Sabor de tierra y mar
En el restaurante “O Botequim”, María Cecilia sirve estofado de cordero con pan de dos días: receta aprendida de su madre, que ya cocinaba para los trabajadores del molino de algarroba en los años sesenta. Los espárragos trigueros que crecen en los bordes de la carretera comarcal 520 se cosechan entre febrero y abril; se les añade panceta de cerdo ibérico y migas de pan de maíz, el único que resiste el caldo sin deshacerse.
La açorda de marisco lleva coquinas de la Ría Formosa, compradas al mariscador José Manuel a las seis en el muelle de Olhão. El cilantro es de la huerta, el pan es alentejano porque el de Boliqueime tiene miga demasiado fina. La receta llegó con las mujeres de Quarteira que, en los años cincuenta, venían a la recolección de algarroba y traían en la cabeza la cesta con el desayuno.

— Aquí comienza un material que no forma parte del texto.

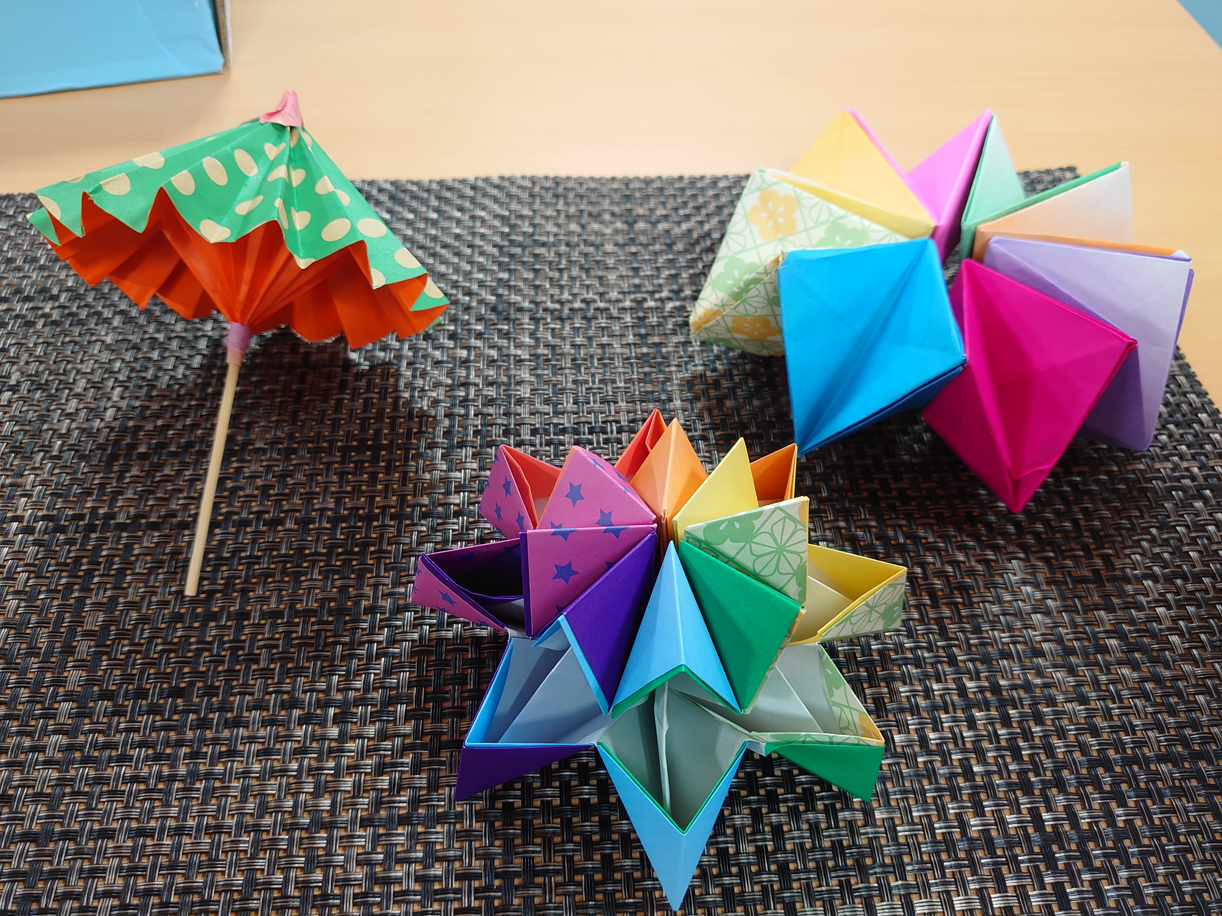 今日は、番傘と万華鏡を折り紙で作りました。
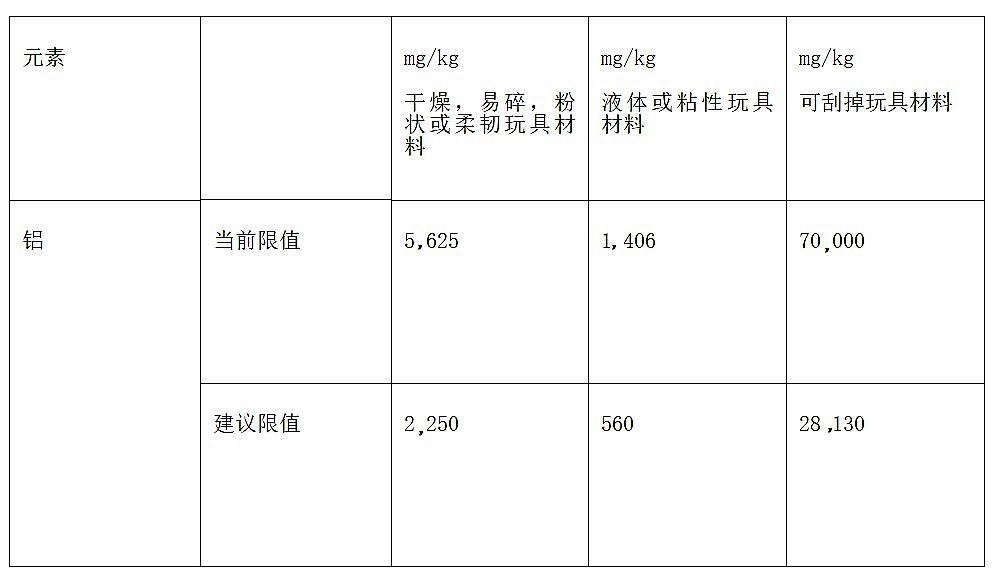 根据相关草案欧洲委员会对玩具中的铝的迁移限值做了提高,具体如下:
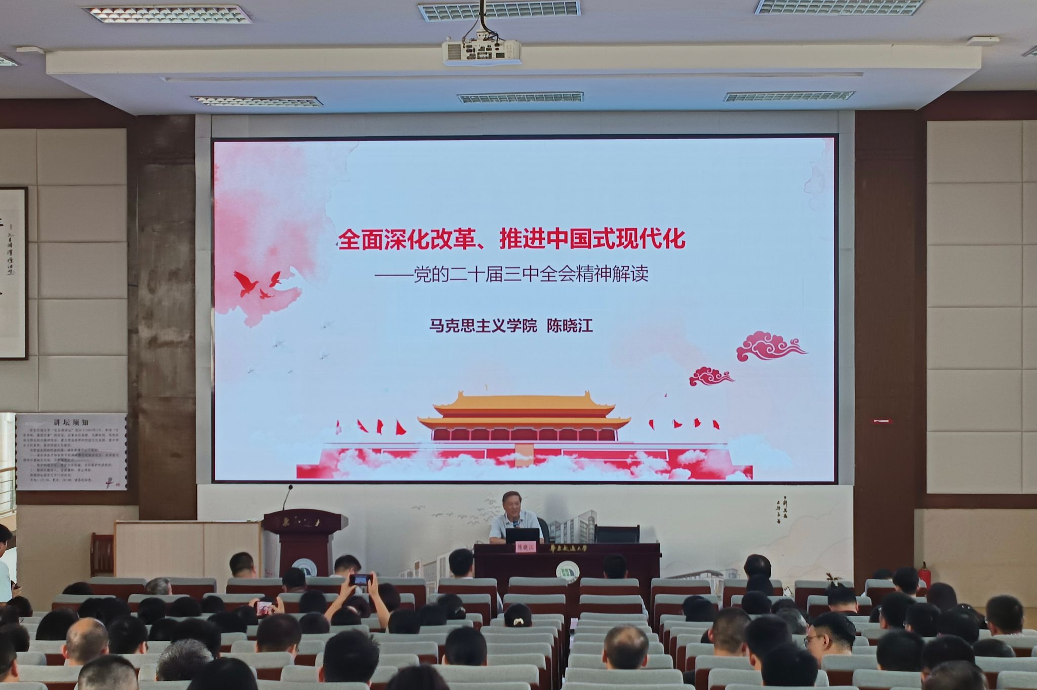 学习贯彻党的二十届三中全会精神宣讲报告会在南区图书馆202孔目湖讲坛举行。校宣讲团成员、马克思主义学院陈晓江教授应邀作宣讲。学院党委书记魏永峰主持会议,学院领导班子成员、全体教职工参加会议。
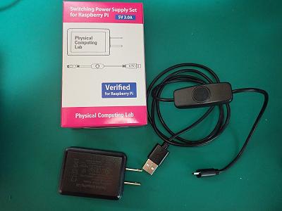 ラズパイ用USB出力ACアダプタ (5V、3.0A、SW付ケーブル) |

El queso de cabra curado en hoja de higuera es del quesero António Manel, que pastorea entre Paderne y Boliqueime. Se vende los miércoles en el mercado de Loulé, pero quien madruga en la pastelería “O Forno” encuentra bolinhos de dátil con miel de Rosalgar: colmenas instaladas en el barrocal, donde la flor de algarroba da a la miel un sabor a cacao tostado.
Caminos entre dos mundos
La Ruta de los Molinos (PR1 SLV) mide 4,2 km y dura hora y media. Empieza en la plaza del Quiosco, sube por la senda que usaban los trabajadores para llevar sacos de algarroba al molino y pasa bajo un túnel de alcornoques donde aún se lee “1974” pintado con cal en la corteza. En el km 2, el pozo de la Mina guarda agua incluso en agosto; allí paran los senderistas de Faro para llenar los cantimploras antes de encarar la sierra.
En la cresta del Cerro do Bando, a 180 metros, se divisa la línea de costa desde Quarteira hasta Armação de Pêra. La densidad de población es de 103 hab/km², pero se duplica en verano con los descendientes que regresan desde las ciudades. La estación recibe 12 trenes diarios: el primero sale hacia Lagos a las 6.42, el último vuelve de Faro a las 22.38. Quien baja encuentra taxi solo si llama al Sr. Aníbal —el mismo que en 1987 transportaba viajeros en un Mercedes 240D amarillo, hoy sustituido por una Dacia blanca.
En el atrio, mientras las sillas de anea se llenan para la “hora de la conversación” (entre las 19.30 y el chisporroteo de los televisores con el Telediario), se oye el silbato del tren de las 20.05. Es el último antes del silencio que instala la noche, cuando solo el reloj de la iglesia marca las horas y el viento trae el olor a algas que anuncia pleamar abajo.